Yes, one can develop ovarian cancer after a hysterectomy, but the risk depends entirely on the extent of the surgery. A hysterectomy is the removal of the uterus and does not always include the ovaries or fallopian tubes. When the ovaries remain, the risk of developing ovarian cancer persists, remaining at the pre-surgery baseline. The degree of risk reduction is directly related to which organs were removed.
Defining the Types of Hysterectomy
A hysterectomy is the surgical removal of the uterus. A total hysterectomy removes the uterus and the cervix, while a partial hysterectomy removes only the main body of the uterus, leaving the cervix intact. Neither procedure involves removing the ovaries or fallopian tubes.

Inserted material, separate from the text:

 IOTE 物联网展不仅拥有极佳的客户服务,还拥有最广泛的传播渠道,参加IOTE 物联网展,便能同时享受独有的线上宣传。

To reduce cancer risk, a hysterectomy is often combined with other procedures. An oophorectomy removes one or both ovaries, and a salpingectomy removes one or both fallopian tubes. The most comprehensive procedure is a total hysterectomy with bilateral salpingo-oophorectomy (BSO), which removes the uterus, cervix, fallopian tubes, and ovaries.
The decision to remove the ovaries and fallopian tubes alongside the uterus is based on a patient’s age, cancer risk factors, and the condition being treated. Knowing precisely which organs were removed is fundamental to assessing any remaining cancer risk.

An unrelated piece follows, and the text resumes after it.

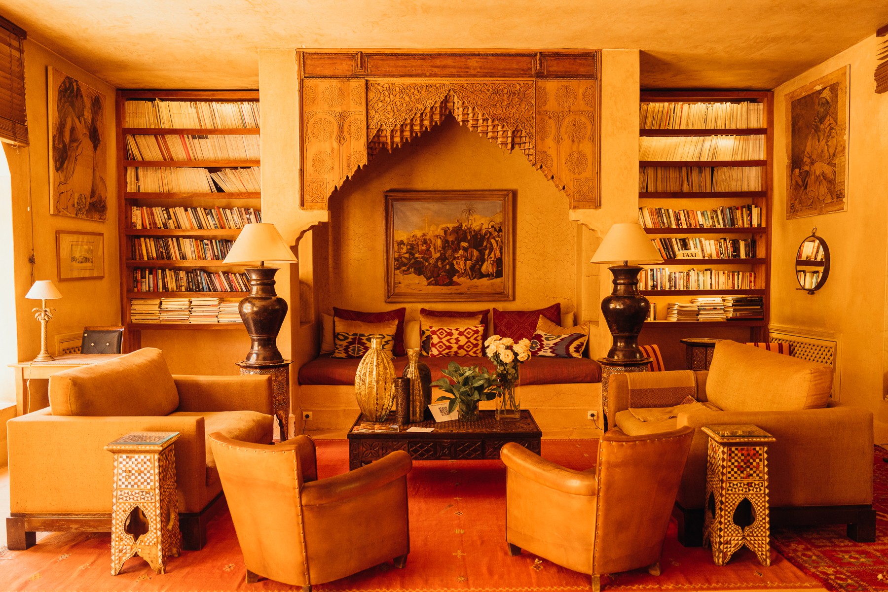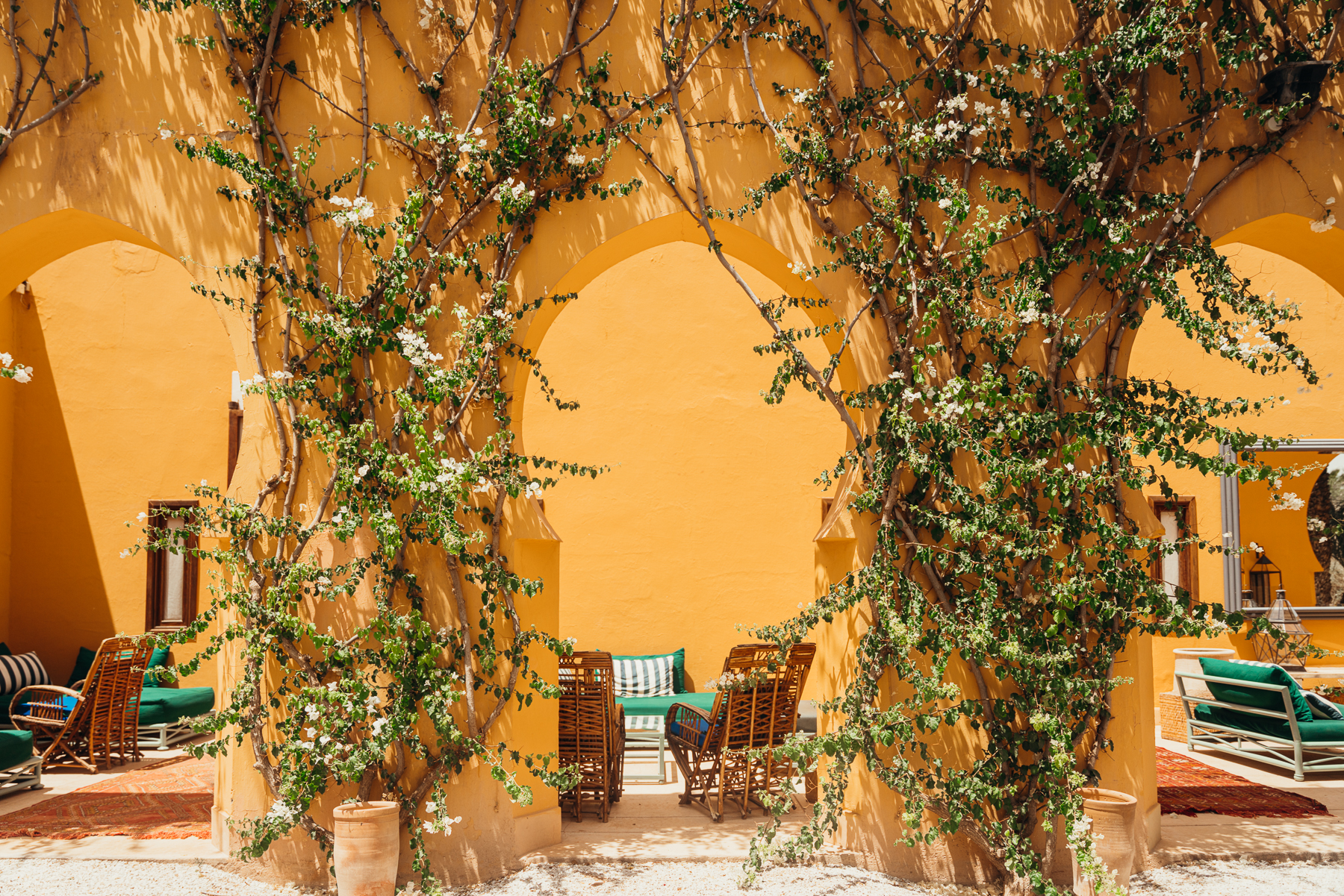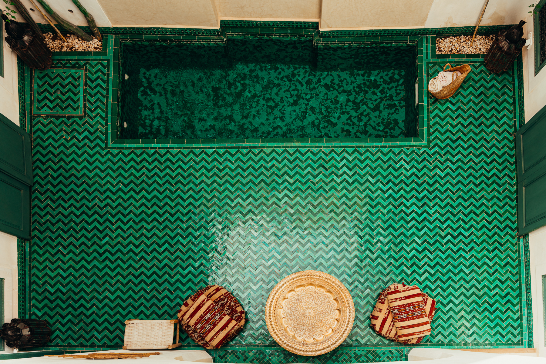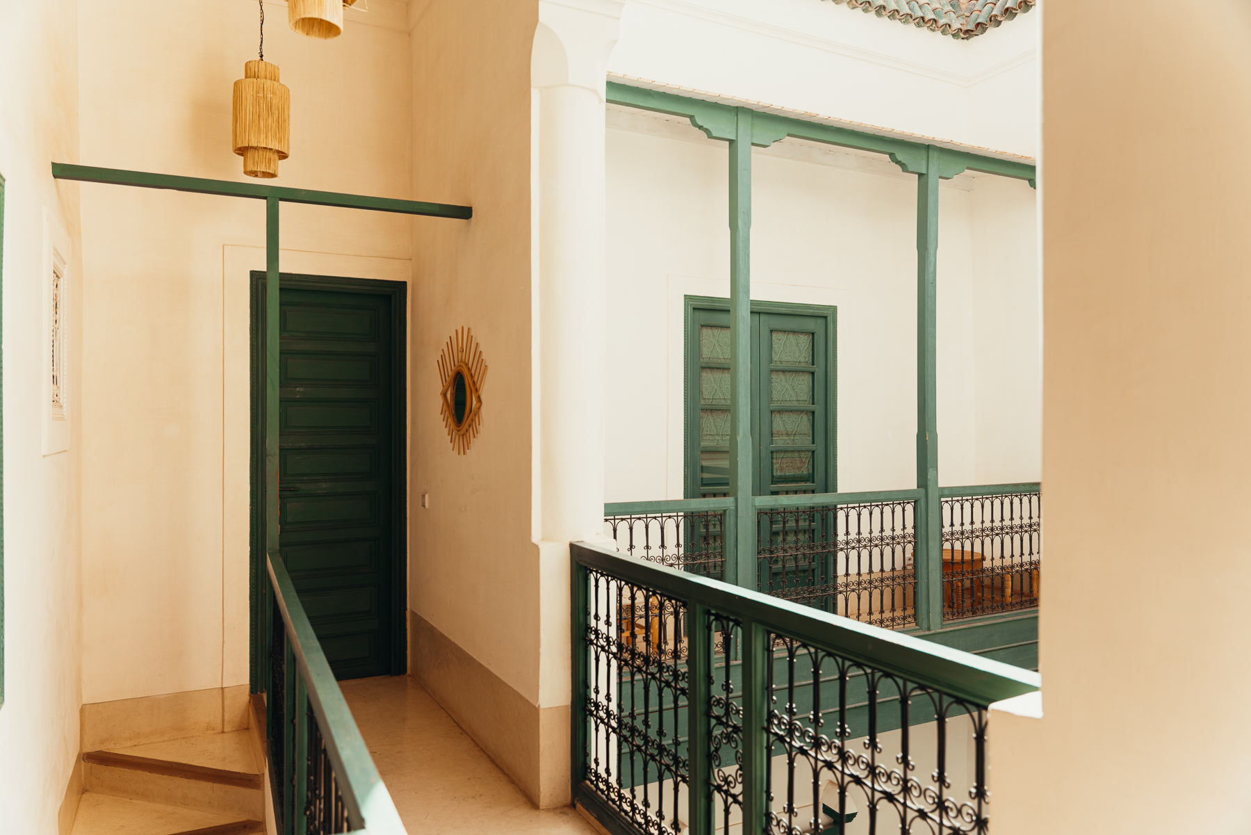 Lo más interesante es la llegada porque como la medina es peatonal, uno se baja del taxi en una calle bulliciosa y lo esperan con una carreta en la que montan el equipaje y caminando por callejones retorcidos y diminutos se llega a puertas escondidas que cuando se abren llevan a este paraíso de silencio y pajaritos en medio del caos del centro de la ciudad y el bazar.

Ovarian Cancer Risk When Ovaries Are Left In Place
When a hysterectomy is performed without removing the ovaries, the lifetime risk of developing ovarian cancer is unchanged. The ovaries continue to function, producing hormones until natural menopause, which is a common reason for retaining them, particularly in younger women. The cancer risk remains because the organs themselves, the site of origin for ovarian cancer, are still present.

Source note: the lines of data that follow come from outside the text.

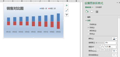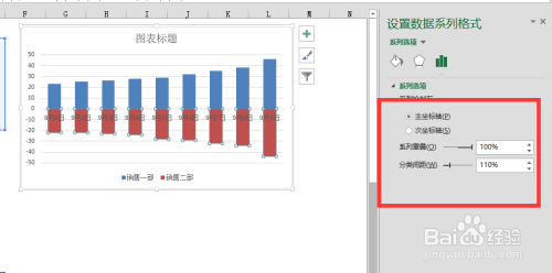 接着,选择下面的数据,设置数据系列选项,系列重叠为100%。调整分类间距,让间距变小些。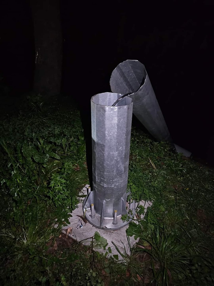 O radar, que foi instalado em setembro, foi cortado próximo à base, conforme é possível ver nas imagens.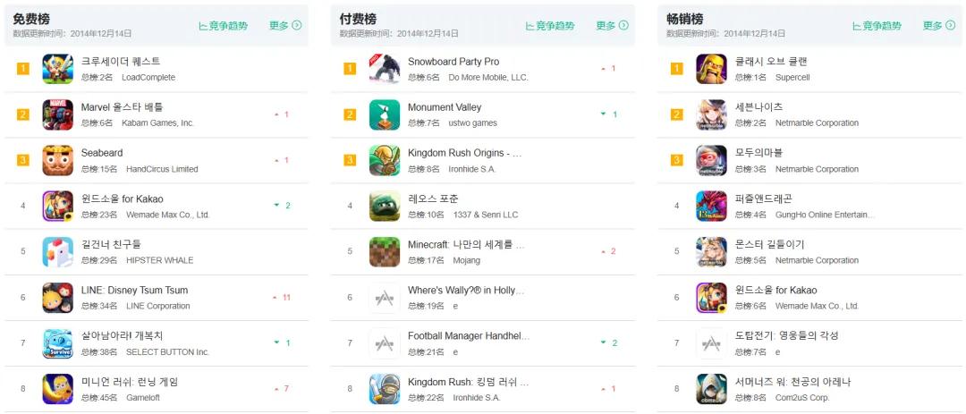 2014年前后,韩国手游市场也处于相对早期,真正的老牌IP和大厂势力还没完全下场。彼时,iOS畅销榜头部还是《部落冲突》《智龙迷城》这些外来产品的天下。
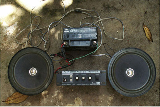 A guitarra foi preparada com cordas e knobs mais resistentes para sofrer as quedas. O amplificador foi alimentado com uma bateria de chumbo-ácido para que o som pudesse ser amplificado em local público.

The ovaries are still exposed to the same environmental and genetic risk factors as before the surgery, even though the uterus is gone. Research suggests that a large proportion of the most common type, high-grade serous carcinoma, may begin in the fallopian tubes. Therefore, removing the uterus alone does not address this primary source of cancer risk.
A hysterectomy alone may reduce the chance of ovarian cancer by about one-third, though the exact mechanism is not fully understood. The most significant risk reduction is achieved when the fallopian tubes are also removed, even if the ovaries are retained. This procedure is known as opportunistic salpingectomy.
Residual Cancer Risk After Ovaries Are Removed
Even after a bilateral salpingo-oophorectomy (BSO), which removes the ovaries, fallopian tubes, and uterus, a small but quantifiable cancer risk remains. This residual risk is primarily due to Primary Peritoneal Carcinoma (PPC). PPC is a rare cancer that is microscopically and clinically almost identical to the most common type of ovarian cancer.
PPC arises from the peritoneum, the thin tissue lining the abdominal cavity. The cells of the peritoneum, ovaries, and fallopian tubes derive from the same embryonic tissue. This means peritoneal cells can undergo the same malignant changes that cause ovarian cancer. For women who have undergone a BSO, the risk of developing PPC is estimated to be around 1.7 cases per 100,000 person-years.
The fallopian tubes are recognized as the likely origin for many high-grade serous cancers, previously classified as ovarian cancer. Complete removal of the fallopian tubes during a BSO is essential for maximum risk reduction. For women with inherited high-risk mutations, such as BRCA1 or BRCA2, the risk of PPC persists even after BSO.
Proactive Steps for Risk Management
The primary step for managing risk is obtaining and understanding detailed surgical records. Knowing exactly whether a salpingectomy (fallopian tube removal) or oophorectomy (ovary removal) was performed is paramount to accurately assessing future cancer risk. Patients who had a hysterectomy but retained their ovaries require the same ongoing monitoring as the general population.
For women at average risk undergoing a hysterectomy for benign conditions, surgeons often perform an opportunistic salpingectomy. This involves removing the fallopian tubes while leaving the ovaries intact. This procedure significantly reduces the risk of high-grade serous carcinoma, thought to originate in the tubes, without triggering surgical menopause. This approach is not recommended for women with a high genetic risk, who still require BSO for maximum risk reduction.
Genetic counseling and testing are important for those with a strong family history of breast, ovarian, or related cancers. Identifying mutations like BRCA1/2 can lead to personalized risk-reducing strategies, including timely prophylactic surgery. Consulting with a gynecologic oncologist or a women’s health specialist provides current advice based on individual surgical history and genetic profile.